■ **Task**: Could the data below be printed out exactly, with the pictures left out?

■ **Supplied data**:

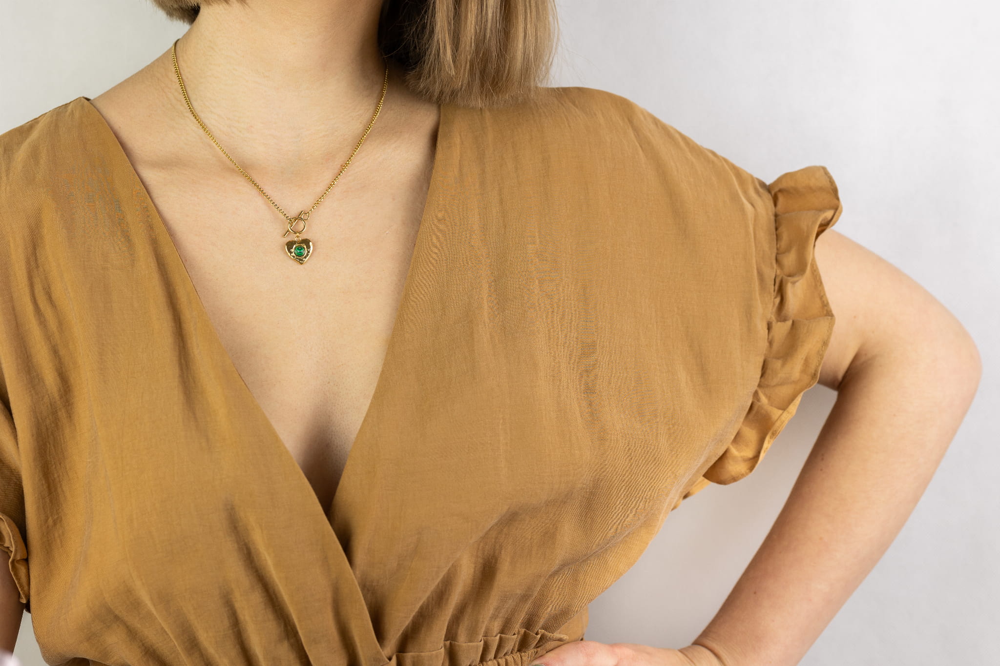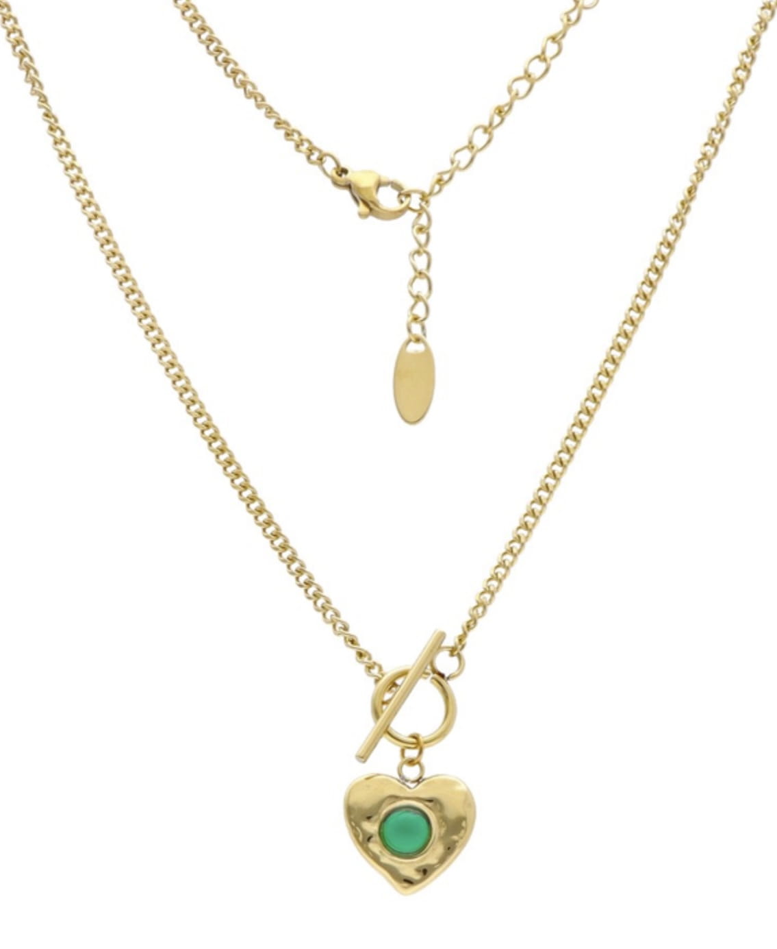 Romantyczny naszyjnik wykonany ze stali szlachetnej w kolorze złotym, ozdobiony zawieszką w kształcie serca. Centralnym punktem zawieszki jest naturalny malachit, który nadaje całości wyjątkowego uroku. Naszyjnik wyposażony jest w stylowe zapięcie typu toggle, które nie tylko ułatwia zakładanie, ale stanowi dodatkowy element dekoracyjny.
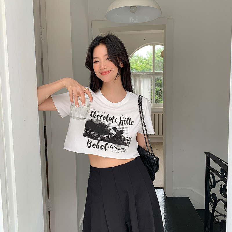 诠释美 NEW OPEN夏短袖t恤女辣妹正肩短款印花白色上衣82526
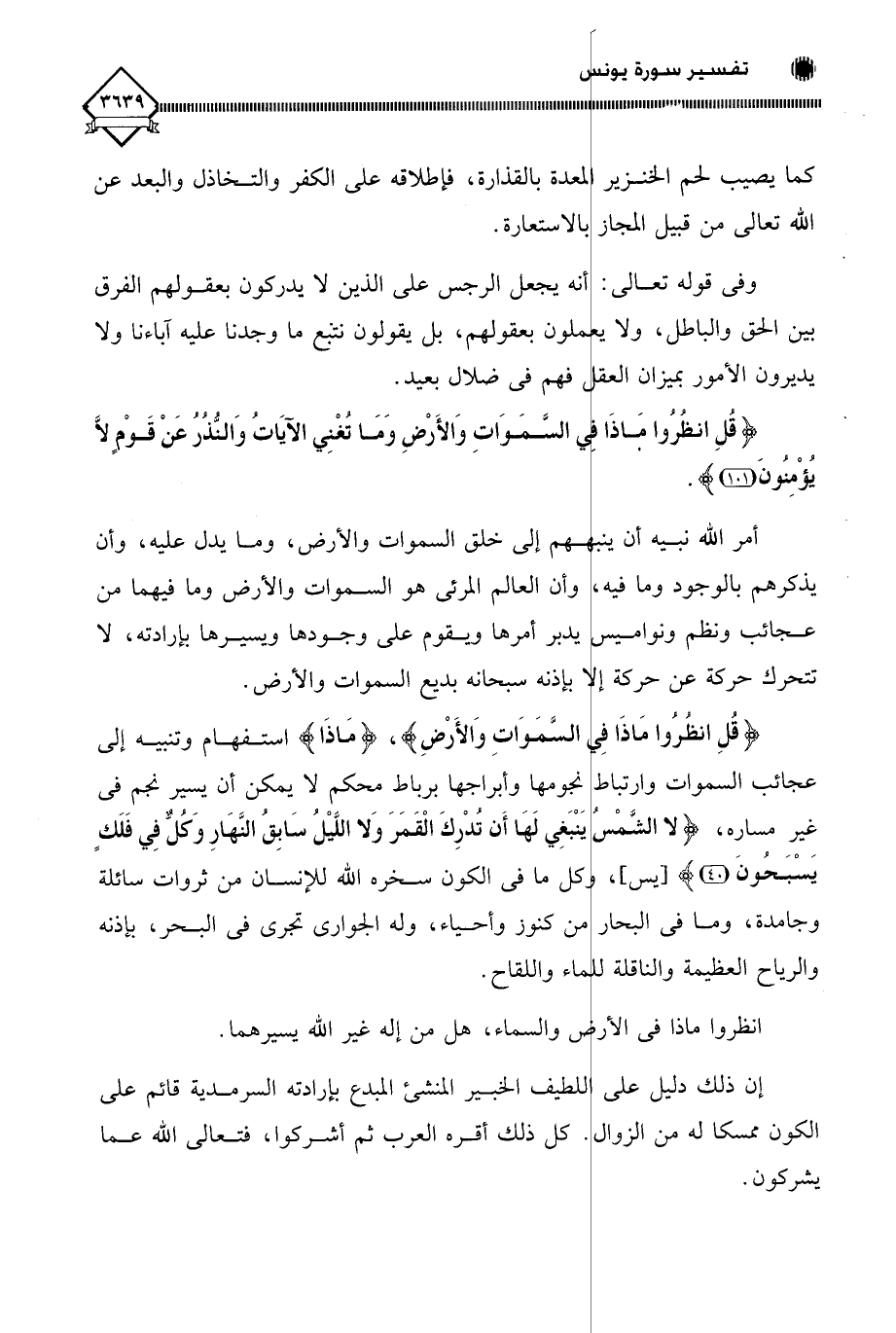 (قُلِ انْظُرُوا مَاذَا فِي السَّمَاوَاتِ وَالْأَرْضِ)، (مَاذَا) استفهام وتنبيه إلى عجائب السماوات وارتباط نجومها وأبراجها برباط محكم لَا يمكن أن يسير نجم في غير مساره، (لَا الشَّمْسُ يَنْبَغِي لَهَا أَنْ تُدْرِكَ الْقَمَرَ وَلَا اللَّيْلُ سَابِقُ النَّهَارِ وَكُلٌّ فِي فَلَكٍ يَسْبَحُونَ (40)، كل ما في الكون سخره اللَّه للإنسان من ثروات سائلة وجامدة، وما في البحار من كنوز وأحياء، وله الجواري تجري في البحر، بإذنه والرياح العظيمة والناقلة للماء واللقاح.

■ **Result for this exercise**:
 Romantyczny naszyjnik wykonany ze stali szlachetnej w kolorze złotym, ozdobiony zawieszką w kształcie serca. Centralnym punktem zawieszki jest naturalny malachit, który nadaje całości wyjątkowego uroku. Naszyjnik wyposażony jest w stylowe zapięcie typu toggle, które nie tylko ułatwia zakładanie, ale stanowi dodatkowy element dekoracyjny.
 诠释美 NEW OPEN夏短袖t恤女辣妹正肩短款印花白色上衣82526
 (قُلِ انْظُرُوا مَاذَا فِي السَّمَاوَاتِ وَالْأَرْضِ)، (مَاذَا) استفهام وتنبيه إلى عجائب السماوات وارتباط نجومها وأبراجها برباط محكم لَا يمكن أن يسير نجم في غير مساره، (لَا الشَّمْسُ يَنْبَغِي لَهَا أَنْ تُدْرِكَ الْقَمَرَ وَلَا اللَّيْلُ سَابِقُ النَّهَارِ وَكُلٌّ فِي فَلَكٍ يَسْبَحُونَ (40)، كل ما في الكون سخره اللَّه للإنسان من ثروات سائلة وجامدة، وما في البحار من كنوز وأحياء، وله الجواري تجري في البحر، بإذنه والرياح العظيمة والناقلة للماء واللقاح.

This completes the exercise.